Hey, I'm looking to get my audi sponsored. I'm open to any sponsors.


----------



## zebinheimer (Oct 3, 2006)

*Re: sponsorships (tbruneau90)*

rofl


----------



## PineappleMonkey (Mar 2, 2000)

*Re: sponsorships (tbruneau90)*

I'll sponsor it. I'll send you two stickers, you rock them and I'll give you some more free stuff.


----------



## tbruneau90 (Mar 26, 2008)

*Re: sponsorships (PineappleMonkey)*

[email protected] email me pics of ur logo and what ur offering


----------



## PineappleMonkey (Mar 2, 2000)

*Re: sponsorships (tbruneau90)*

Sorry, you took too long to get back to *Me*. I found another person already.
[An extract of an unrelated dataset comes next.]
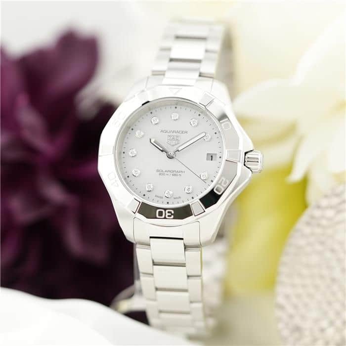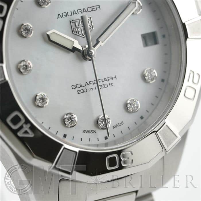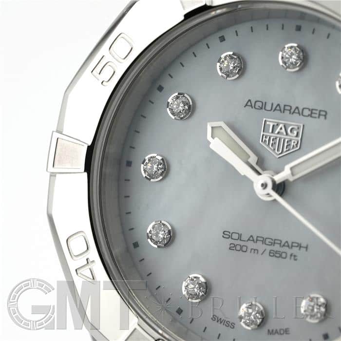 タグ・ホイヤー アクアレーサー プロフェッショナル200 ソーラーグラフ WBP1313.BA0005 1860年創業のスイスを代表する時計ブランド「タグホイヤー」。長年プロ仕様の高精度クロノグラフなどを研究・開発し、長年にわたってモータースポーツ界と関連が深いブランドです。こちらはタグホイヤーが作るマリンスポーツウォッチ「アクアレーサー」。タグ・ホイヤーとラ・ジュー・ペレが提携し共同開発したソーラーグラフキャリバー「TH50-01」は約2分間太陽光を当てるだけで一日分が充電が行われ、更に約20時間当てることでフル充電しおよそ6か月も駆動します。ホワイトMOP文字盤にダイヤインデックスは美しく、スポーティさとエレガントさが融合したモデルで、オンオフ問わずご使用できます。タグホイヤー 時計の買取り・下取りも行っておりますので、お気軽にご相談ください。
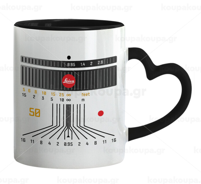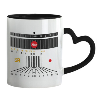 Leica Lens, Mug heart black handle, ceramic, 330ml

Better luck next time.


----------



## BIGMerle (Mar 9, 2005)

*Re: sponsorships (PineappleMonkey)*

I would have to see your car before considering to sponsor it......post some pictures of it. http://****************.com/smile/emgift.gif


----------



## tbruneau90 (Mar 26, 2008)

*Re: sponsorships (BIGMerle)*

http://www.cardomain.com/ride/3041229
pics are there


----------



## 71DubBugBug (Dec 3, 2006)

wow


----------



## BIGMerle (Mar 9, 2005)

*Re: (71DubBugBug)*

Now, before i can send you any products i would need to see my stickers on your hood, winshield, and both sides of the car and then would have to see pictures of it...do you have any issues doing this?


----------



## frankinstyn (Oct 11, 2004)

*Re: sponsorships (tbruneau90)*

So what are you doing that is so special that a company would want to send you money and products? Having a car simply isn't enough.
I never understood that. If you're in a race (official race) then yes, I get it. But, you driving down the street certainly doesn't warrant money being thrown at you. Doesn't matter what kind of car you drive.


----------



## tbruneau90 (Mar 26, 2008)

*Re: (BIGMerle)*

can i see your logo and the only problem i have with that is being on my hood. windshield and side windows? no problem.
to answer your question i do race and i do attend waterfest every year.


----------